A recent study led by Dr. Louise Mewton at UNSW’s Centre for Healthy Brain Aging (CHeBA) has reignited the debate about whether low levels of drinking could be positive for health.

The review, published in Addiction, has shown that abstaining from alcohol completely can actually increase the risk of dementia.

In recent decades, the estimated global prevalence of dementia has nearly tripled, from 20.2 million in 1990 to 57.4 million in 2019. By 2050, the projection is that there will be 152 million people globally living with dementia.

According to researchers, risk factor reduction is a fundamental strategy for prevention of dementia—particularly in light of the absence of disease-modifying treatments for dementia. A 2020 report from The Lancet Commission for Dementia Prevention, Intervention and Care estimated that 40% of global dementia cases could be prevented or delayed if 12 key modifiable risk factors for dementia were eliminated—with excessive or harmful alcohol use in midlife newly listed as one of those factors.

Dr. Mewton, who is Leader of the Risk Factors Group at CHeBA, said the inclusion of alcohol as a key risk factor for dementia was based on consistent and robust evidence indicating that chronic heavy alcohol use is associated with dementia and cognitive decline.

“There is controversy over the impact of more moderate levels of alcohol use on the incidence of dementia. Even low levels of alcohol use have been associated with poorer health outcomes, including increased cancer risk.”

“They have also been associated with atrophy in key regions of the brain linked to dementia, like the hippocampus.”
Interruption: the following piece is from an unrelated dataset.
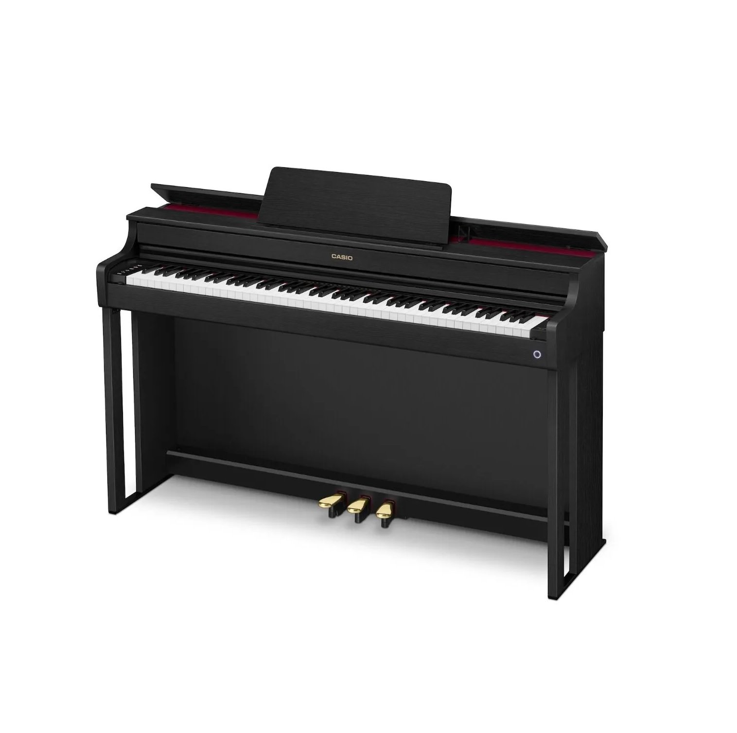 ・Três pedais integrados (incluídos): abafador (dois níveis, desligado), suave (dois níveis, desligado), sostenuto

However, in this international study of nearly 25,000 community dwelling adults over the age of 65 including the United States, Australia, Europe, Brazil and the Republic of the Congo, it was consistently shown that abstaining from alcohol was associated with a higher risk of dementia.

“Our data came from 15 studies of healthy aging across six continents, and robust assessment of alcohol use and dementia,” said Dr. Mewton. “Over the duration of the study 2,124 of the adults developed dementia. What we can conclude from our study is that there doesn’t appear to be a need to intervene in those older adults currently drinking in a light to moderate pattern if dementia prevention is the ultimate goal.”
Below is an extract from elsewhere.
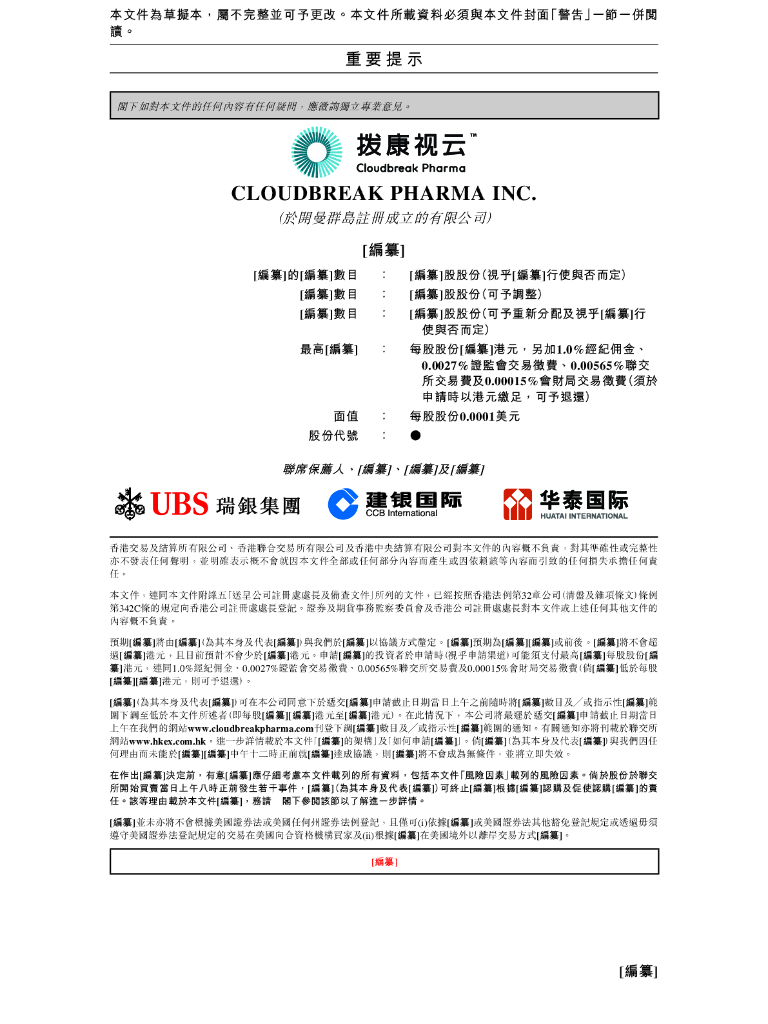 Cloudbreak Pharma拨康视云港交所主板IPO上市招股说明书(2024年12月更新版).pdf

The researchers found that individuals drinking up to four Australian standard drinks per day had a lower risk of dementia when compared with individuals who did not drink at all. The lower dementia risk associated with drinking alcohol was evident over and above the effects of demographic characteristics (such as age, sex and education), as well as clinical characteristics (such as history of stroke, diabetes and hypertension).
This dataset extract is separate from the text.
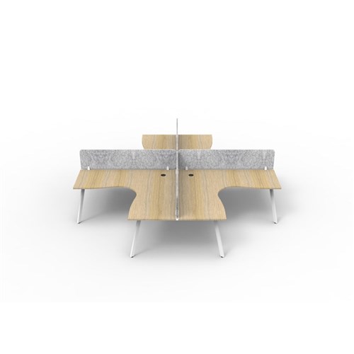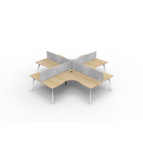 • 4 person corner workstation POD with Natural Oak top, Grey Eco screen.

“It has been suggested that the increased risk of dementia associated with abstinence may be the result of including former drinkers who have ceased drinking due to other health conditions or the onset of cognitive problems.”

“However, our study found an increased risk of dementia even after excluding former drinkers from the analysis and after adjusting for relevant demographic and clinical characteristics,” said Dr. Mewton.

Despite this, there may be other characteristics such as social activity that could drive the apparent protective effect of alcohol against dementia, rather than alcohol use per se.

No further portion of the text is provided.